## [Requirement]
Look below for the line that contains "長い列が階段下まで伸びている。", then quote it and all the lines after it, exactly, with the pictures left out.

## [Available records]
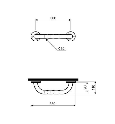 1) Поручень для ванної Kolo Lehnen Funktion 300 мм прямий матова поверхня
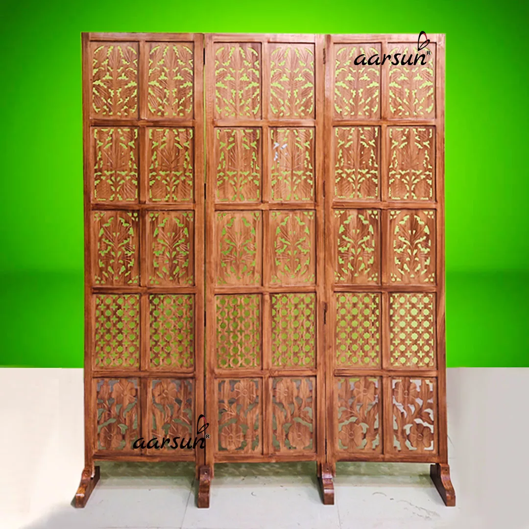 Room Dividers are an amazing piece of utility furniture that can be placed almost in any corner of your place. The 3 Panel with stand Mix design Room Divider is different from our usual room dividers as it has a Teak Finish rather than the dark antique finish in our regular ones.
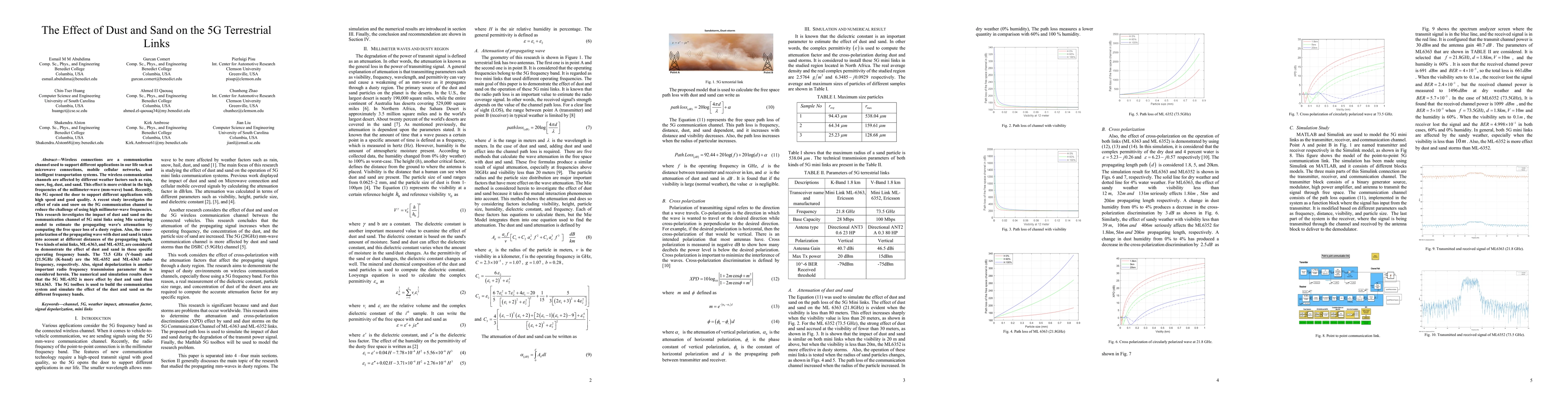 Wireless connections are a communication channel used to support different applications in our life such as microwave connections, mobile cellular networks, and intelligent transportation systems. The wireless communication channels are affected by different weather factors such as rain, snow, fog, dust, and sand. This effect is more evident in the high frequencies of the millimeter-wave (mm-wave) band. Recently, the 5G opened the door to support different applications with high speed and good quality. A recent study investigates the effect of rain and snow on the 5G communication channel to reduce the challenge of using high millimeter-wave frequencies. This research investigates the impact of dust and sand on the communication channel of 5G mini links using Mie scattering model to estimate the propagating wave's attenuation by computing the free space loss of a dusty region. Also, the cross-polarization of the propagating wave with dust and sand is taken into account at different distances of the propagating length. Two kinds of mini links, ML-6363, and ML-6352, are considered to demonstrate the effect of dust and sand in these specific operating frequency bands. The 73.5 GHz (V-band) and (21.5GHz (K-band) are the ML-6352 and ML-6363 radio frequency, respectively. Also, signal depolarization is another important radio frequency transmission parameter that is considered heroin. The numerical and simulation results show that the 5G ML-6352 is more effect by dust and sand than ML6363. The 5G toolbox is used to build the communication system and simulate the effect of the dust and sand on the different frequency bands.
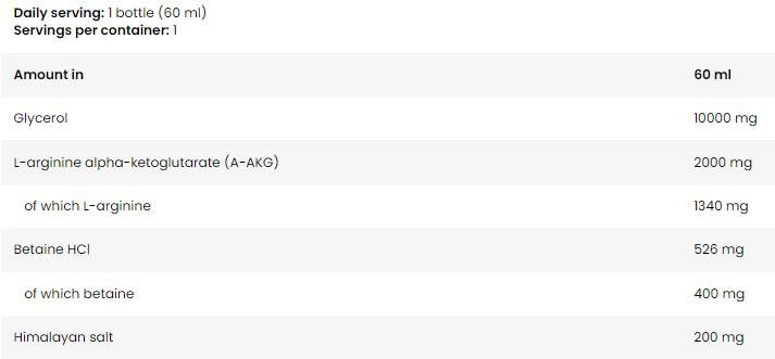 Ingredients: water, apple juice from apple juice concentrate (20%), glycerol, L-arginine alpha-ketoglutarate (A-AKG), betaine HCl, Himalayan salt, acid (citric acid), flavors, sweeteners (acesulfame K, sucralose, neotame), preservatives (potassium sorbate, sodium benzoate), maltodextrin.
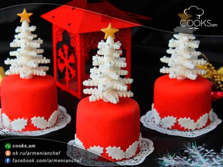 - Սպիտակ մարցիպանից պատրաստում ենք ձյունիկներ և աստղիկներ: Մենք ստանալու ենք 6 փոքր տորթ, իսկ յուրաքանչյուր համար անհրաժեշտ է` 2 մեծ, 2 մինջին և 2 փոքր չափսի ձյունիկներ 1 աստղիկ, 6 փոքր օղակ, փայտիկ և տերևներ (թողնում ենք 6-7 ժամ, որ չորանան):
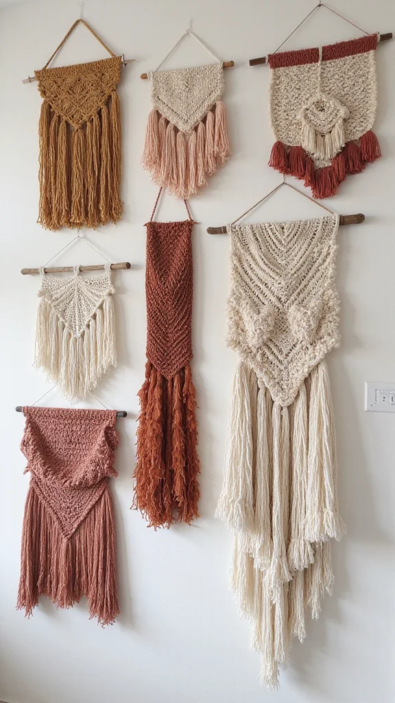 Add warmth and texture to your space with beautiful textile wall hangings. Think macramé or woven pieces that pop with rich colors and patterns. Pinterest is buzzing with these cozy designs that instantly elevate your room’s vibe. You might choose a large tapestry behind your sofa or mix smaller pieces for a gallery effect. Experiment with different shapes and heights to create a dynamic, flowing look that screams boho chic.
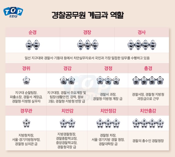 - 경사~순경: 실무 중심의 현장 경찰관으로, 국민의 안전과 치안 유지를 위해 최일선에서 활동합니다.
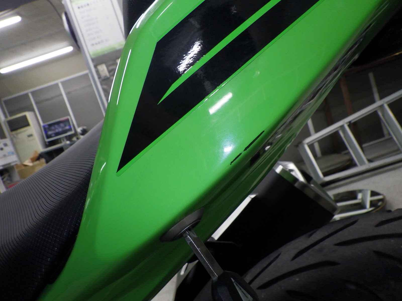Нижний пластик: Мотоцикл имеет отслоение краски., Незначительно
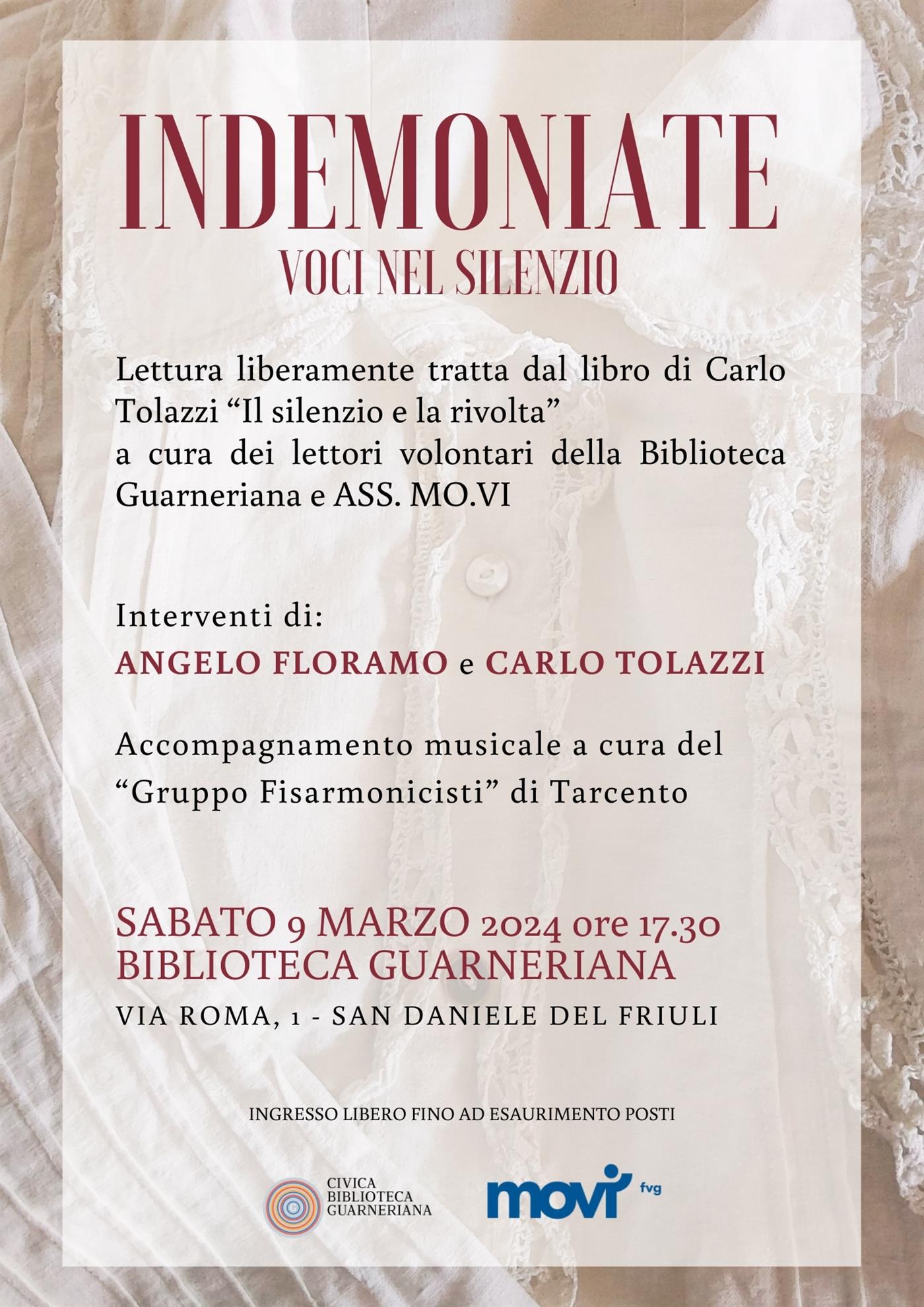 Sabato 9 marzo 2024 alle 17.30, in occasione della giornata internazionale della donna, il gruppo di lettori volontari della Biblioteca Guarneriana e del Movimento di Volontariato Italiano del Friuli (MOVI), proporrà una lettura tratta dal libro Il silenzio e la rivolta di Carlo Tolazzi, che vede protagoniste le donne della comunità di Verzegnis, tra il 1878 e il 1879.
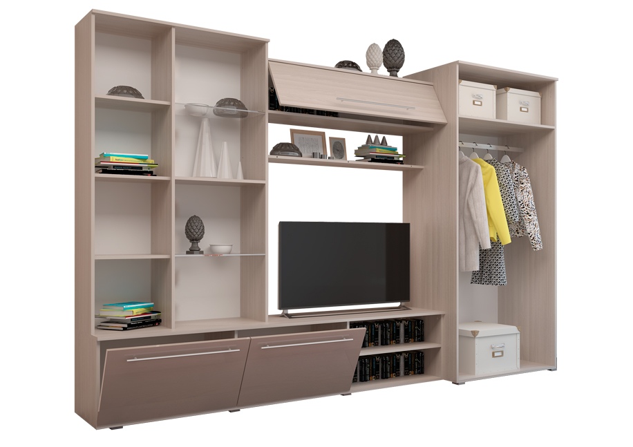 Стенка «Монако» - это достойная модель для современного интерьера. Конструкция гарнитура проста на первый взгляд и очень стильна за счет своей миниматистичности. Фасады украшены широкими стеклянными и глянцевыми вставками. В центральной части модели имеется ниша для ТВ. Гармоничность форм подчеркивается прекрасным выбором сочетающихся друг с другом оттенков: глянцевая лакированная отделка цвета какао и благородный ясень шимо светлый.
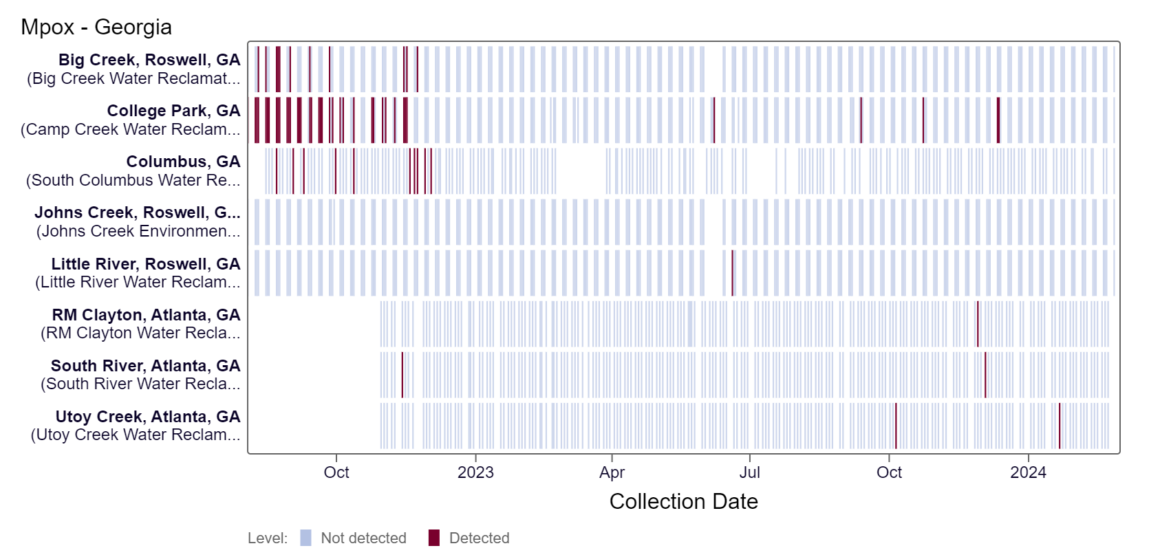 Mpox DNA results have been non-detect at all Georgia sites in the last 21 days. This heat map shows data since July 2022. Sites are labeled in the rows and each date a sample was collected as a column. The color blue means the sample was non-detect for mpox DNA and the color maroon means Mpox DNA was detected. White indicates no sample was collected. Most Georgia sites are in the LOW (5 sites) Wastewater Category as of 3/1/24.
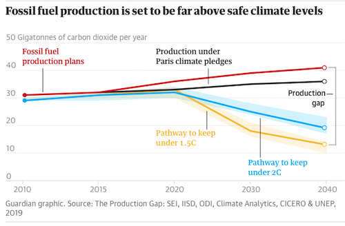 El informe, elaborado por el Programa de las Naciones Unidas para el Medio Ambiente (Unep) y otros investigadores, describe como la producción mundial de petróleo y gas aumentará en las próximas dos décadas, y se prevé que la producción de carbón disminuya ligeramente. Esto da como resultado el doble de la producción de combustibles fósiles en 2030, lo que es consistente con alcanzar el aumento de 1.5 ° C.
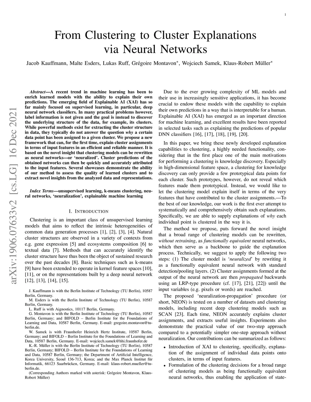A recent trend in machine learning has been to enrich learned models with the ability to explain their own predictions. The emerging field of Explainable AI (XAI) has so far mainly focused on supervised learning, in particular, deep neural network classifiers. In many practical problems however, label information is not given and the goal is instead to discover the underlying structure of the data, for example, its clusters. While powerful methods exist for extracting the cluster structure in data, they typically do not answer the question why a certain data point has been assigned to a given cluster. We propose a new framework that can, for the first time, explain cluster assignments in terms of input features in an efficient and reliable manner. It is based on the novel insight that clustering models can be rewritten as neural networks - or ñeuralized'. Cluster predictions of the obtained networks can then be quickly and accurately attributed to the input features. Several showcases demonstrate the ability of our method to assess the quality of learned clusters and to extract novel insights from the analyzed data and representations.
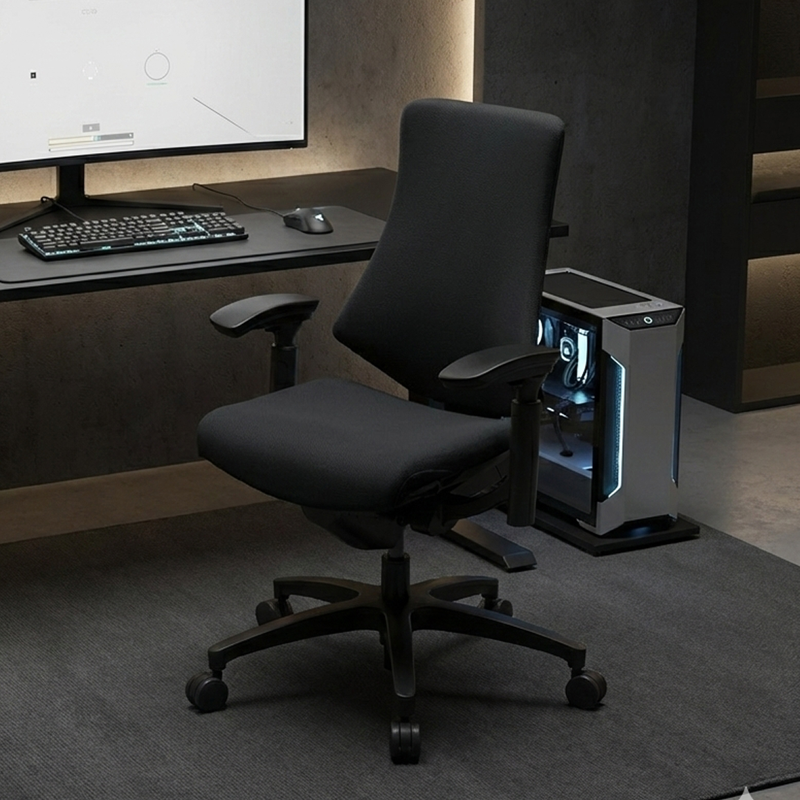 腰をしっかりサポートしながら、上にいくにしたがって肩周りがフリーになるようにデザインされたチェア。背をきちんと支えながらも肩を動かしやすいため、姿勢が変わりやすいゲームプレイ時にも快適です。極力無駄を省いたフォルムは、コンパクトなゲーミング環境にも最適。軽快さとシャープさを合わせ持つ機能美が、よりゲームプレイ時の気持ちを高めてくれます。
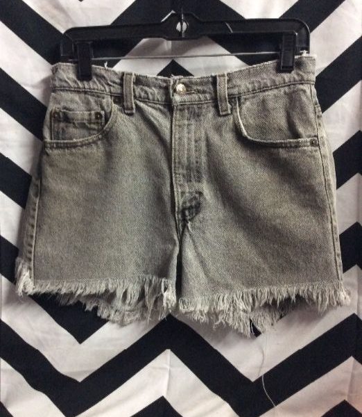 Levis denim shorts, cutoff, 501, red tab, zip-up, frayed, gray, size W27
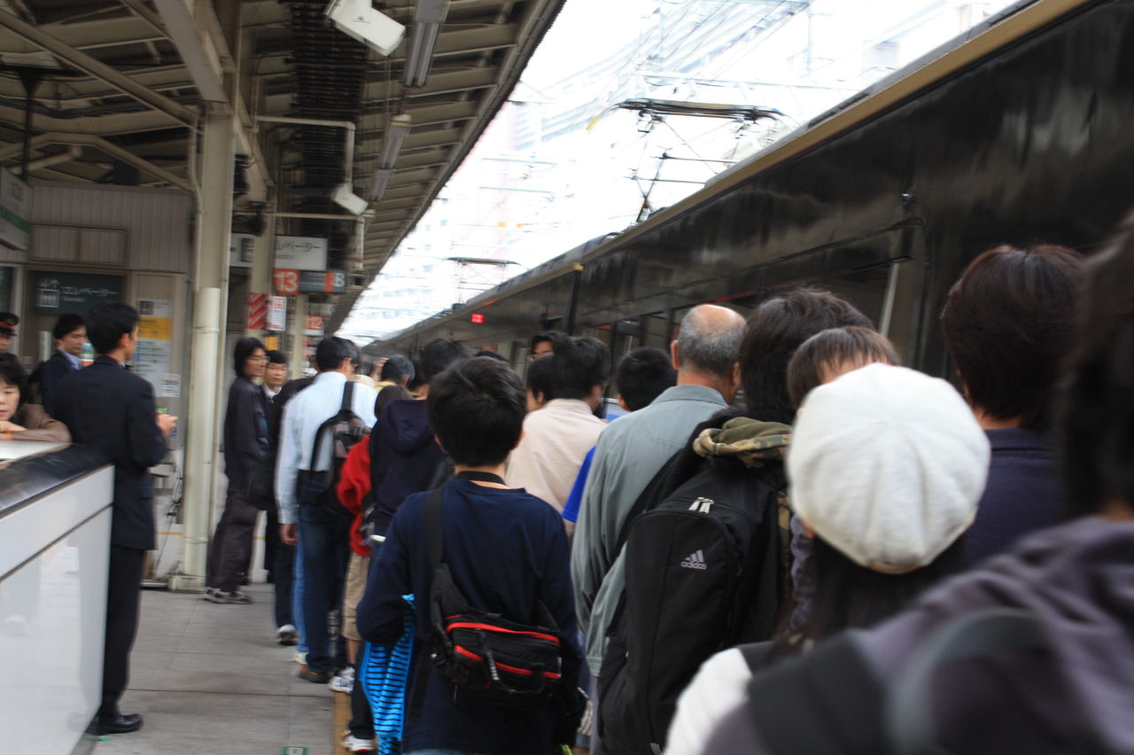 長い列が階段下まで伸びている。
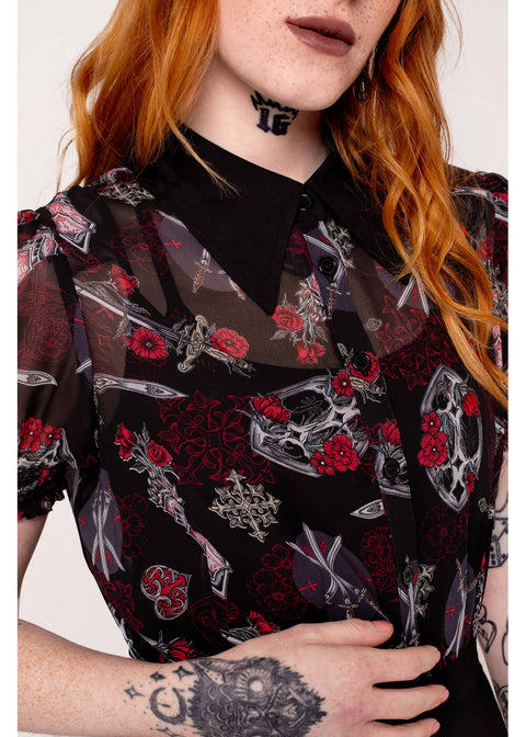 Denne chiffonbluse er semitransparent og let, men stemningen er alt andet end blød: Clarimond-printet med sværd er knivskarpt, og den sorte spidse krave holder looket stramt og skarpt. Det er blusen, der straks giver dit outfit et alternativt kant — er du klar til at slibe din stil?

## [Output of the exercise]
 長い列が階段下まで伸びている。
 Denne chiffonbluse er semitransparent og let, men stemningen er alt andet end blød: Clarimond-printet med sværd er knivskarpt, og den sorte spidse krave holder looket stramt og skarpt. Det er blusen, der straks giver dit outfit et alternativt kant — er du klar til at slibe din stil?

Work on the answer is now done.